GPT-5.2 | slacker news

1. minadotcom ◴[11 Dec 25 18:29 UTC] No.46235074[source]▶

They used to compare to competing models from Anthropic, Google DeepMind, DeepSeek, etc. Seems that now they only compare to their own models. Does this mean that the GPT-series is performing worse than its competitors (given the "code red" at OpenAI)?

replies(4): >>46235094 #>>46235110 #>>46235145 #>>46236816 #

2. poormathskills ◴[11 Dec 25 18:30 UTC] No.46235094[source]▶

>>46235074 (TP) #

OpenAI has never compared their models to models from other labs in their blog post.
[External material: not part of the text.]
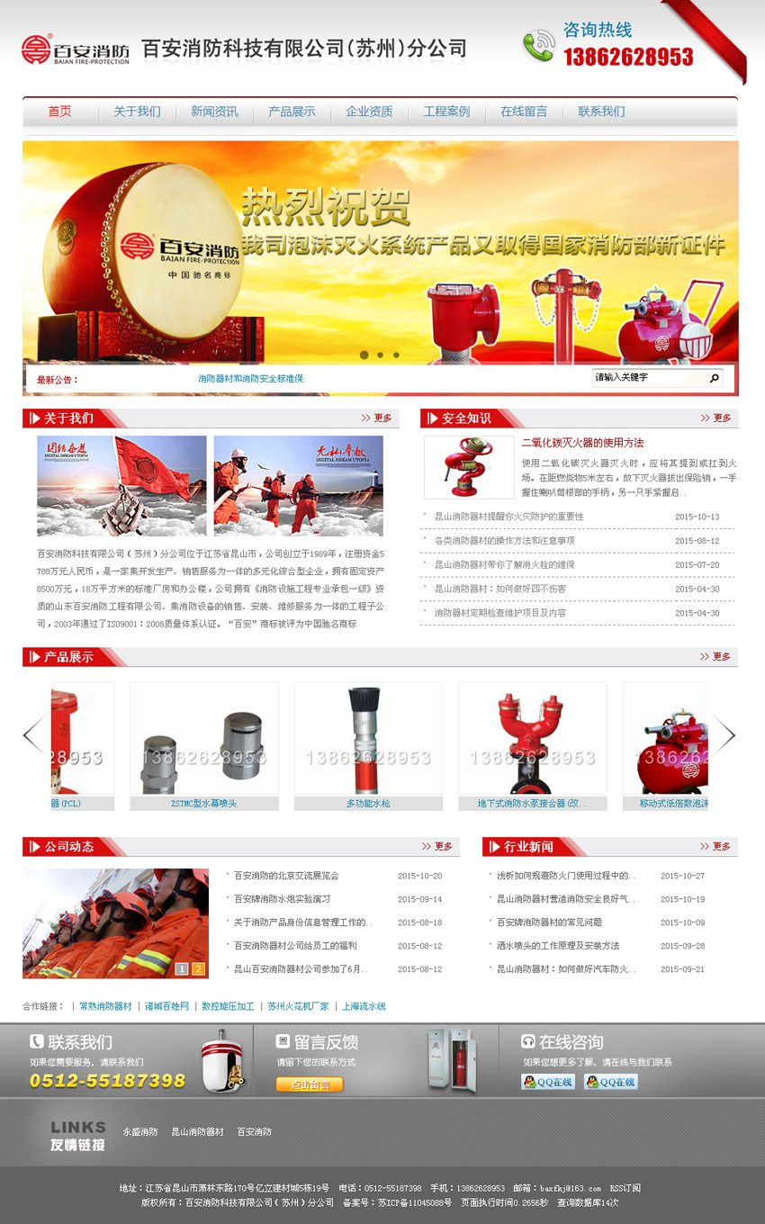 百安消防科技有限公司(蘇州)分公司位于江蘇省昆山市,公司創(chuàng)立于1989年,注冊(cè)資金5788萬元人民幣,是一家集開發(fā)生產(chǎn)、銷售服務(wù)為一體的多元化綜合型企業(yè),擁有固定資產(chǎn)8500萬元,18萬平方米的標(biāo)準(zhǔn)廠房和辦公樓,公司擁有《消防設(shè)施工程專業(yè)承包一級(jí)》資質(zhì)的山東百安消防工程有限公司、集消防設(shè)備的銷售、安裝、維修服務(wù)為一體的工程子公司,2003年通過了ISO9001:2008質(zhì)量體系認(rèn)證?!鞍侔病鄙虡?biāo)被評(píng)為中國(guó)馳名商標(biāo),產(chǎn)品由中國(guó)平安財(cái)產(chǎn)保險(xiǎn)公司承擔(dān)產(chǎn)品質(zhì)量責(zé)任險(xiǎn),現(xiàn)為中國(guó)消防協(xié)會(huì)單位會(huì)員。

Open literally any past model launch post to see that.

replies(1): >>46235745 #

3. tabletcorry ◴[11 Dec 25 18:32 UTC] No.46235110[source]▶

>>46235074 (TP) #

The matrix required for a fair comparison is getting too complicated, since you have to compare chat/thinking/pro against an array of Anthropic and Google models.

But they publish all the same numbers, so you can make the full comparison yourself, if you want to.

4. Tiberium ◴[11 Dec 25 18:35 UTC] No.46235145[source]▶

>>46235074 (TP) #

They did compare it to other models: https://x.com/OpenAI/status/1999182104362668275

https://i.imgur.com/e0iB8KC.png

replies(3): >>46235919 #>>46238146 #>>46241683 #

5. boole1854 ◴[11 Dec 25 19:11 UTC] No.46235745[source]▶

>>46235094 #

https://openai.com/index/hello-gpt-4o/

I see evaluations compared with Claude, Gemini, and Llama there on the GPT 4o post.

replies(1): >>46236028 #

6. enlyth ◴[11 Dec 25 19:22 UTC] No.46235919[source]▶

>>46235145 #

This looks cherry-picked, for example Claude Opus had a higher score on SWE-Bench Verified so they conveniently left it out, also GDPval is literally a benchmark made by OpenAI

replies(2): >>46237361 #>>46239897 #

7. kgwgk ◴[11 Dec 25 19:30 UTC] No.46236028{3}[source]▶

>>46235745 #

“You are absolutely right, and I apologize for the confusion.”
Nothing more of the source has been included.